All of Bank of India’s branches have access to SAS Enterprise GRC, with around 5,000 users who report loss data, participate in risk control self-assessment (RCSA) exercises on an as-needed basis, and provide key risk indicator (KRI) data. With the help of SAS Enterprise GRC modules, the branches are able to report the loss data directly to the risk management department through a network of risk officers at the regional level. This has improved the loss data quality and reporting process.
Taking steps toward an advanced operational risk management approach
Prior to implementing the operational risk framework using SAS Enterprise GRC, the bank was reporting operational risk capital under the basic indicator approach with reports created at quarter end. Following the implementation, the bank can generate about 50 types of operational risk monitoring reports. The bank has been able to implement the entire operational risk framework, from collection of input data to statistical capabilities for value at risk (VaR) computation, using a variety of distribution techniques.

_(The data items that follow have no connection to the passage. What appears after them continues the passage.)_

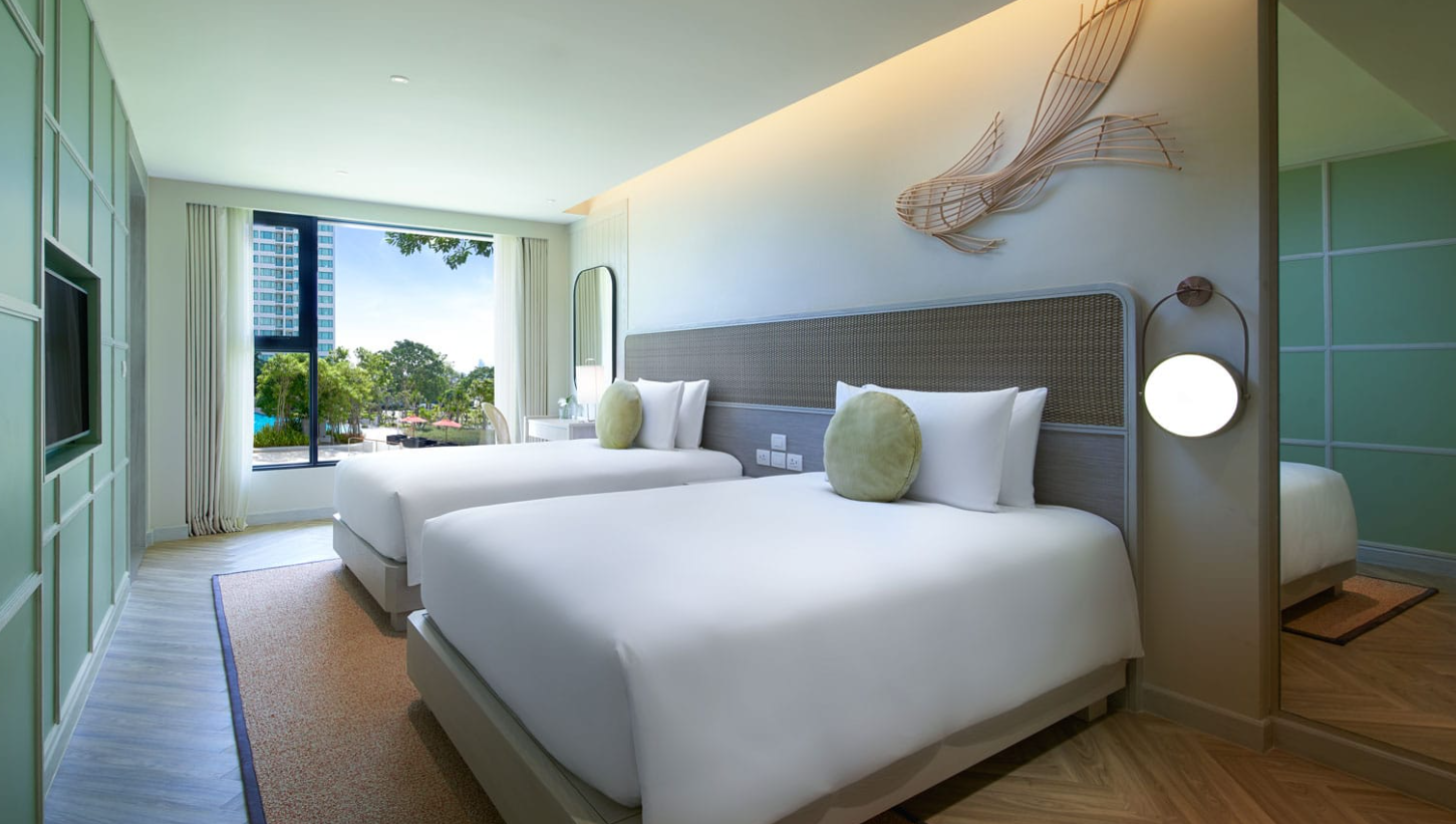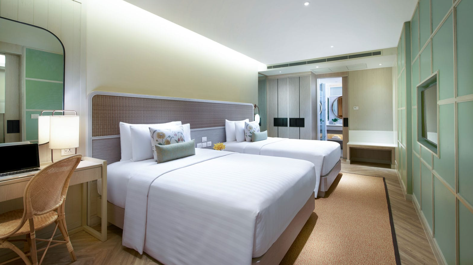 Amari Suite Poolside의 발코니에서 수영장으로 쉽게 접근하여 세상을 밝게 만드세요. 편안함과 편리함을 고려하여 세심하게 디자인된 이 2베드룸 스위트는 별도의 거실과 식사 공간, 마스터 침실에 킹침대, 두 번째 침실에 퀸침대 2개를 갖추고 있습니다.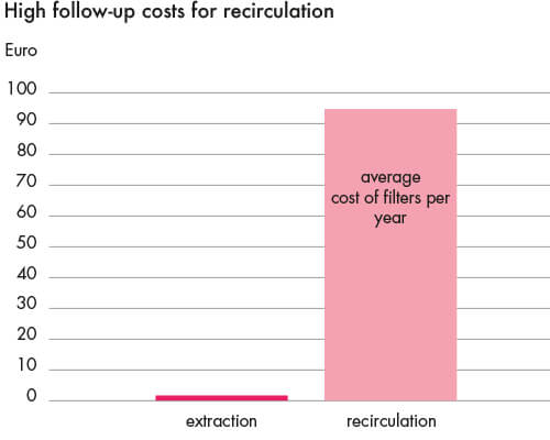 Recirculating air solutions are – with proper maintenance – much more expensive than exhaust air.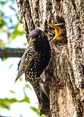 sien. De Öllern åten op, as de Lütten dat eerst Mål mit rut op de Wisch flegen kunnen. Se stellt sik toeerst noch 'n beten tüffelig an. Åvers bald lehrten se ehr Foder söken, un dat geev dor 'n Barg Metten un Sebbers. Markwürdige Keerls weern düsse jungen Spreen. Vun seehrs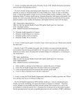 1. A nurse is teaching about the goals of Healthy People 2020. Which information should the nurse include in the teaching session? ~ The nurse should include eliminating health disparities in America. Healthy People 2020 promotes a society in which all people live long, healthy lives. There are four overarching goals: (1) attain high-quality, longer lives free of preventable disease, disability, injury, and premature death; (2) achieve health equity, eliminate disparities, and improve the health of all groups; (3) create social and physical environments that promote good health for all; and (4) promote quality of life, healthy development, and healthy behaviors across all life stages. DIF: Understand (comprehension) OBJ: List the four general Healthy People 2020 public health goals for Americans. TOP: Teaching/Learning MSC: Health Promotion and Maintenance *a. b. c. d. Eliminate health disparities in America. Eliminate health behaviors in America. Eliminate quality of life in America. Eliminate healthy life in America. 2. A nurse is following the goals of Healthy People 2020 to provide care. Which action should the nurse take? ~ Healthy People 2020 includes four goals, one of which is to create social and physical environments that promote good health for all. The goals do not include continuing current behaviors to reduce stress, focusing only on health changes for communities, or focusing on fast recuperation. DIF: Apply (application) OBJ: List the four general Healthy People 2020 public health goals for Americans. TOP: Implementation MSC: Health Promotion and Maintenance a. b. *c. d. Allow people to continue current behaviors to reduce the stress of change. Focus only on health changes that will lead to better local communities. Create social and physical environments that promote good health. Focus on illness treatment to provide fast recuperation. 3. A nurse is using the World Health Organization definition of health to provide care. Which area will the nurse focus on while providing care? ~ The World Health Organization (WHO) defines health as a “state of complete physical, mental, and social well-being, not merely the absence of disease or infirmity.” Therefore, nurses’ attitudes toward health and illness should consider the total person, as well as the environment in which the person lives. All people free of disease are not necessarily healthy. Strictly personal and a focus only on pathological states do not correlate to WHO’s definition. DIF: Apply (application) OBJ: Discuss the definition of health. TOP: Implementation MSC: Management of Care a. *b. c. d. Focusing on helping patients be disease free Providing care that involves the whole person Assuring that care is strictly personal in nature Directing focus only on the pathological state 4. The nurse is preparing a smoking cessation class for family members of patients with lung cancer. The nurse believes that the class will convert many smokers to nonsmokers once they realize the benefits of not smoking. Which health care model is the nurse following? ~ The health belief model addresses the relationship between a person’s beliefs and behaviors. The holistic health model recognizes the natural healing abilities of the body and incorporates complementary and alternative interventions such as music therapy. The health promotion model focuses on the following three areas: (1) individual characteristics and experiences, (2) behavior-specific knowledge and affect, and (3) behavioral outcomes, in which the patient commits to or changes a behavior. Maslow’s’ hierarchy of needs is based on the theory that all people share basic human needs, and the extent to which basic needs are met is a major factor in determining a person’s level of health. DIF: Analyze (analysis) OBJ: Discuss the health belief, health promotion, basic human needs, and holistic health models to understand the relationship between patients’ attitudes toward health and health practices. TOP: Implementation MSC: Health Promotion and Maintenance *a. b. c. d. Health belief model Holistic health model Health promotion model Maslow’s hierarchy of needs 5. A nurse is using Maslow’s hierarchy to prioritize care for an anxious patient that is not eating and will not see family members. Which area should the nurse address first? ~ According to Maslow, in all cases an emergent physiological need takes precedence over a higher-level need. Nutrition is a physiological need and should be addressed first. Anxiety, mental health, and not seeing family members are all higher-level needs. DIF: Analyze (analysis) OBJ: Discuss the health belief, health promotion, basic human needs, and holistic health models to understand the relationship between patients’ attitudes toward health and health practices. TOP: Implementation MSC: Management of Care a. *b. c. d. Anxiety Not eating Mental health Not seeing family members 6. The patient is reporting moderate incisional pain that was not relieved by the last dose of pain medication. The patient is not due for another dose of medication for another 2 1/2 hours. The nurse repositions the patient, asks what type of music the patient likes, and sets the television to the channel playing that type of music. Which health care model is the nurse using? ~ The holistic health model recognizes the natural healing abilities of the body and incorporates complementary and alternative interventions such as music therapy. The health belief model addresses the relationship between a person’s beliefs and behaviors. The health promotion model notes that each person has unique personal characteristics and experiences that affect subsequent actions. The basic human needs model believes that the extent to which basic needs are met is a major factor in determining a person’s level of health. Maslow’s hierarchy of needs is a model that nurses use to understand the interrelationships of basic human needs. DIF: Apply (application) OBJ: 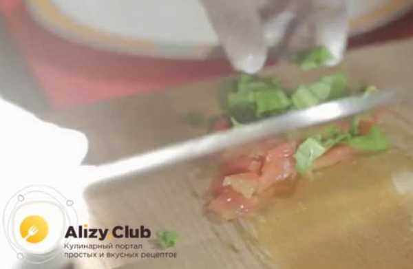 Теперь приготовим начинку. С помидоров следует снять кожицу, для этого делаем небольшие надрезы на помидоре и обдаем их крутым кипятком, после снимаем аккуратно кожицу. Томаты нужно нарезать мелким кубиком. Шпинат тоже режем мелко, а очищенные зубчики чеснока очень мелко рубим. Томаты, шпинат и чеснок перемешиваем и полученной смесью фаршируем гольца.
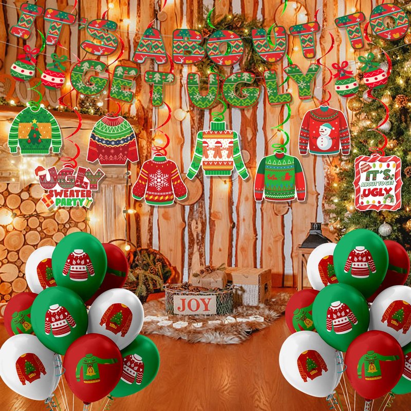 - 🎅Abundant Ugly Sweater Party Decor: you will get 1pcs It's About To Get Ugly Banner,8pcs ugly sweater hanging swirls, 18 pcs ugly sweater latex balloons for satisfying your needs of festival or daily use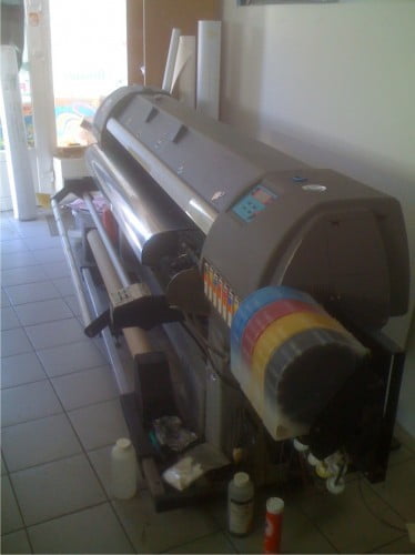mutoh spitfire 65 ecosolvent, latima maxima de printare 1600mm, stare buna->foarte buna, sistem de alimentare continuu, sistem de valve dumpers generatie noua, 4 capete (80-90% stare functionare) + 1 cap de rezerva (60-70% stare functionare), sistem de feed + takeup + ONYX RIP CENTER cu PREFLIGHT. Se vinde cu aproape 1 litru de vopsea CMYK + 1 litru solvent, cartele cu chip pentru aproximativ 4L din fiecare culoare, aparat pentru capsat bannere, si cateva consumabile (furtune, capsuri, serveteze + bureti + pompite pentru cleaning – ajung cam pentru 6-8luni de maintenance, cutit special pentru taierea materialului odata printat, etc)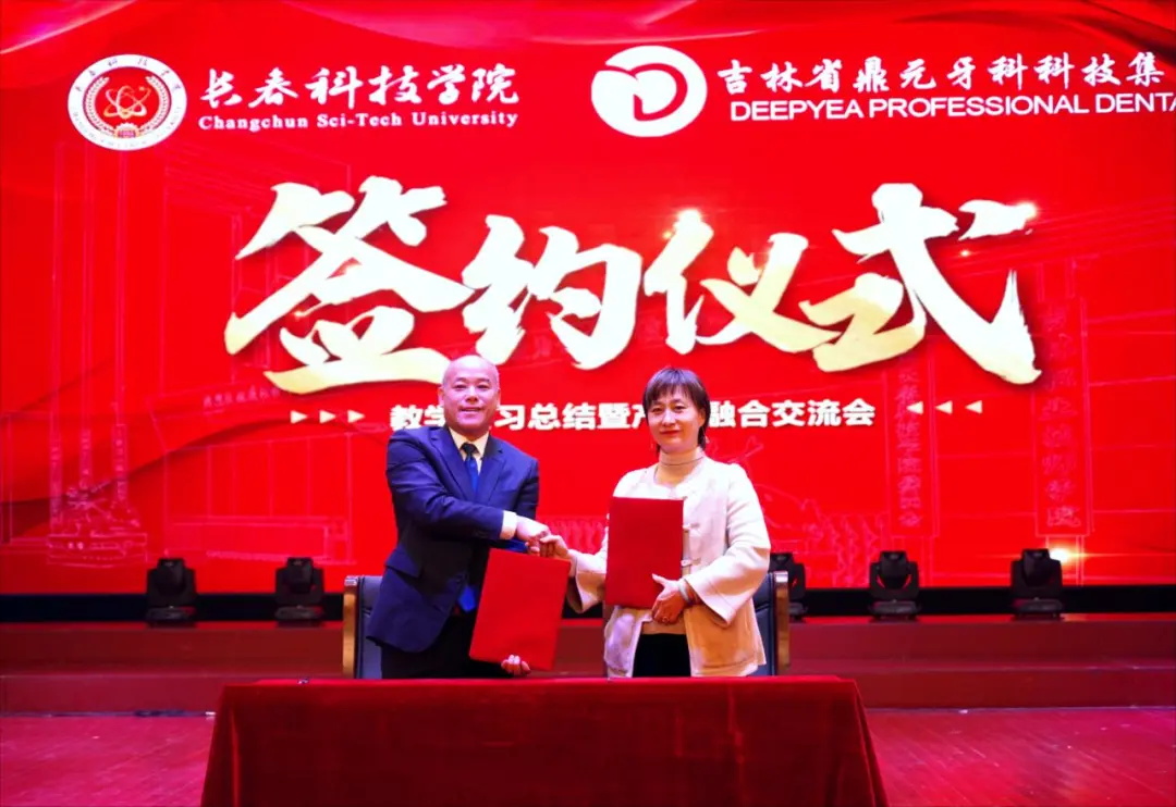 长春科技学院副校长刘晓辉与吉林省鼎元牙科科技集团邹文秀签署了产教融合合作协议

The RCSA exercises are much easier to run now, and the results are online through dashboards and graphical representation. In addition, KRI monitoring is automated, and the SAS Enterprise GRC workflow enables the bank to capture all the user activity within the system and provides a transparent mechanism to the internal and external auditors for analyzing the efficacy of its operational risk identification process and framework. This will help when the bank moves to the AMA approach.
“SAS provides a robust and complete solution for risk management,” Karmakar says. “We now have excellent operational risk management capabilities for both regulatory and internal requirements.”
Enterprise-level operational risk management.
The bank has implemented the entire operational risk framework, from collection of input data to statistical capabilities for VaR computation, using a variety of distribution techniques.
- Bank branches can report loss data directly to the Risk Management Department.
- RCSA exercises are easier to run.
- Results are available online via dashboards and graphical representation.
- KRI monitoring is automated.
- The bank captures all user activity within the system and provides a transparent mechanism to auditors for analysis.